DIRECTIONS FOR THIS TASK => Could you output each line below precisely as it stands, without the images?

DATASET SECTION =>
▬▬▬▬▬▬▬▬▬▬

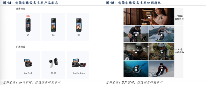 目前智能影像设备主要包括运动相机、全景相机两大主要产品形态:①运动相机起源于运动户外场景,通常以第一人称视角进行拍摄,通过配件固定在身体某部位、头盔、滑板、自行车把手上,并具有更强的抗震、防水、防尘、耐热、耐摔等性能。②全景相机则基于全景技术拍摄三维全景图像,具有全方位、真实性、三维性特点。从下游使用场景上看,主要可分为户外运动(包括骑行、滑雪、潜水等)群体和Vlog视频创作者群体两大类。
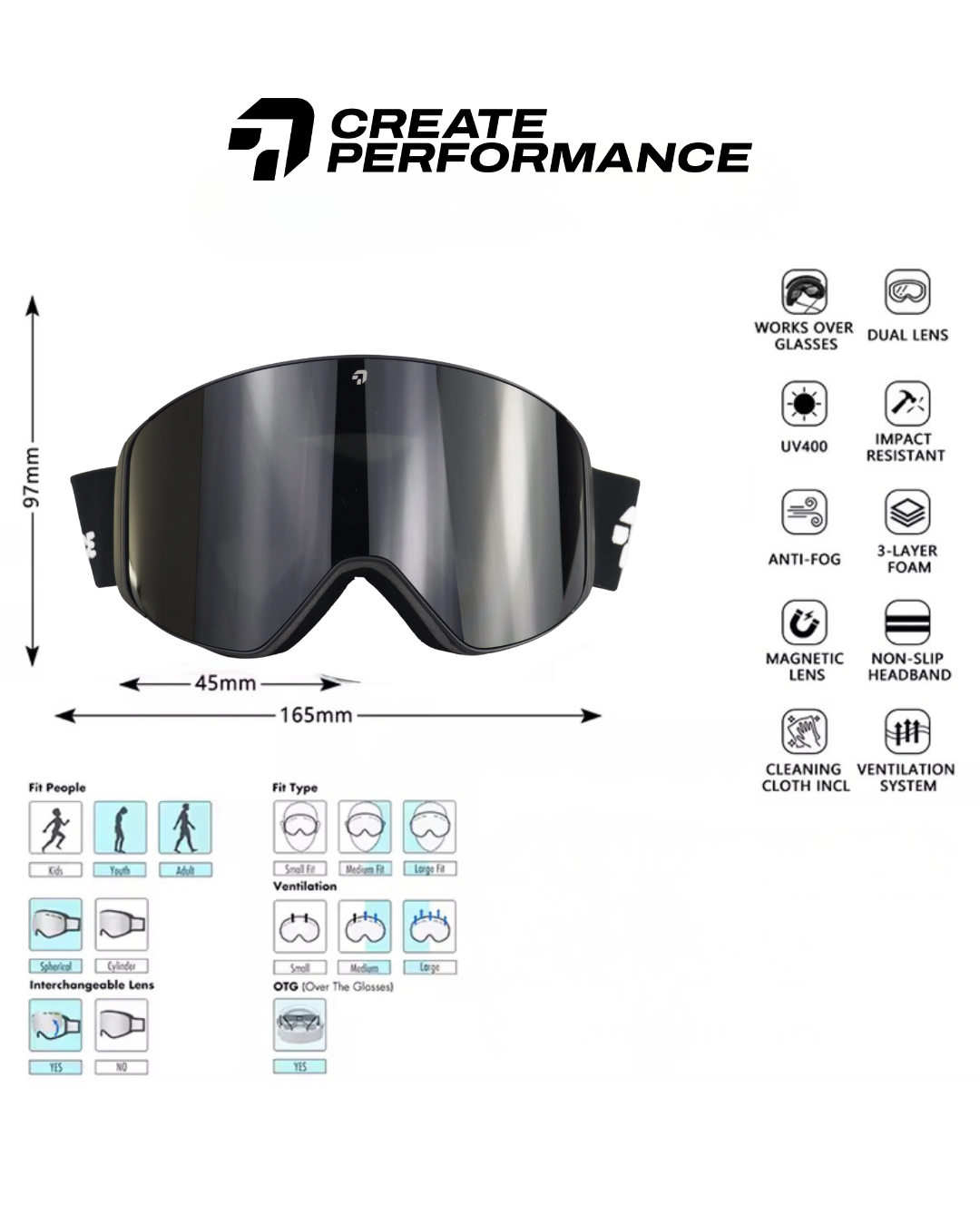 Create Performance Ski Bril – Unisex – Zwarte Verwisselbare Lens – Anti-Fog – Comfortabele Pasvorm
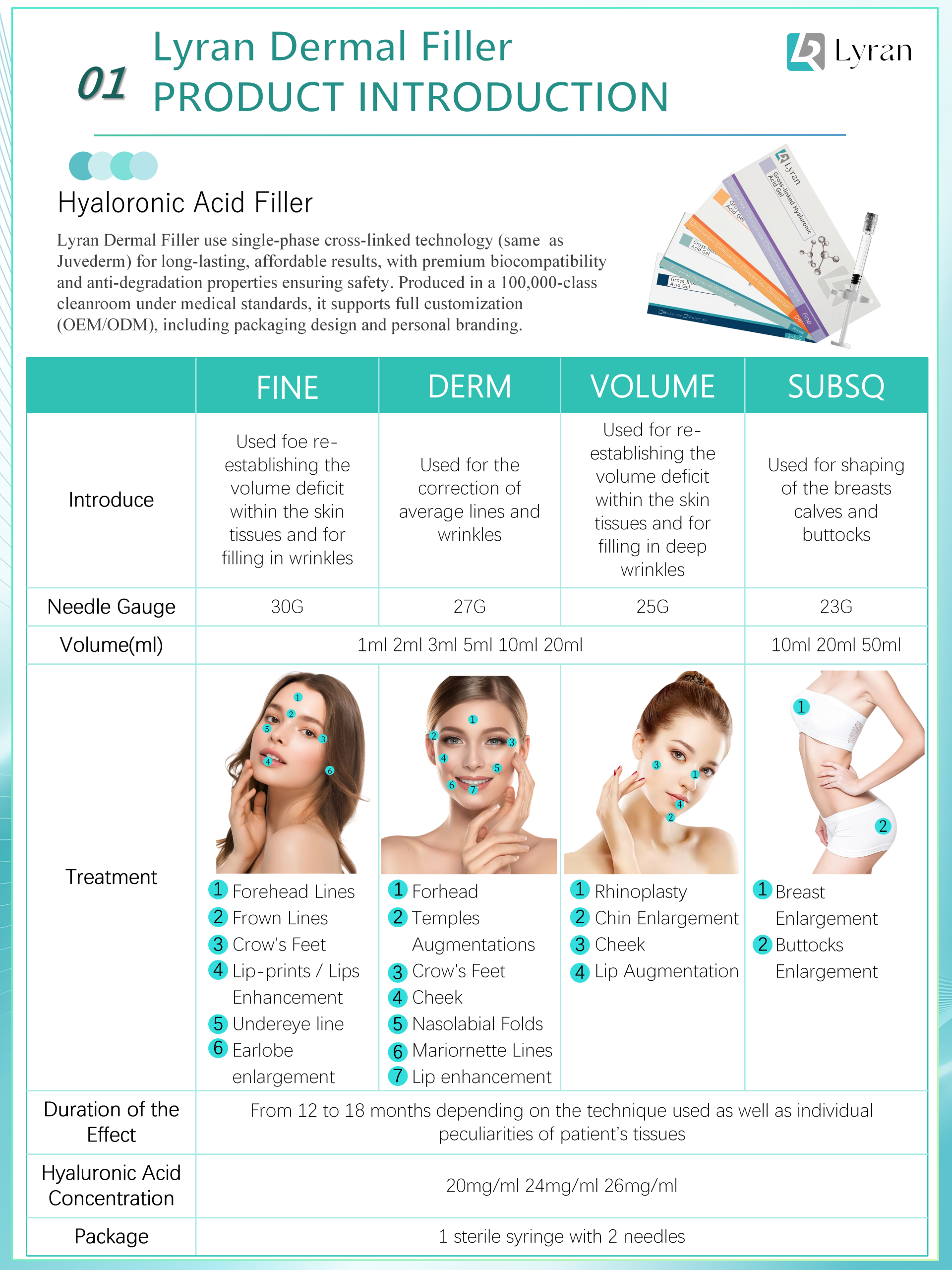 Lyran Dermal Filler is single-phase sodium hyaluronic, it has four series, Fine/Derm/Volume/SubsQ, Choose different series according to different parts of use, including 1ml, 2ml, 3ml, 5ml, 10ml, 20ml, 50ml, 100ml.

▬▬▬▬▬▬▬▬▬▬

ANSWER SECTION =>
 目前智能影像设备主要包括运动相机、全景相机两大主要产品形态:①运动相机起源于运动户外场景,通常以第一人称视角进行拍摄,通过配件固定在身体某部位、头盔、滑板、自行车把手上,并具有更强的抗震、防水、防尘、耐热、耐摔等性能。②全景相机则基于全景技术拍摄三维全景图像,具有全方位、真实性、三维性特点。从下游使用场景上看,主要可分为户外运动(包括骑行、滑雪、潜水等)群体和Vlog视频创作者群体两大类。
 Create Performance Ski Bril – Unisex – Zwarte Verwisselbare Lens – Anti-Fog – Comfortabele Pasvorm
 Lyran Dermal Filler is single-phase sodium hyaluronic, it has four series, Fine/Derm/Volume/SubsQ, Choose different series according to different parts of use, including 1ml, 2ml, 3ml, 5ml, 10ml, 20ml, 50ml, 100ml.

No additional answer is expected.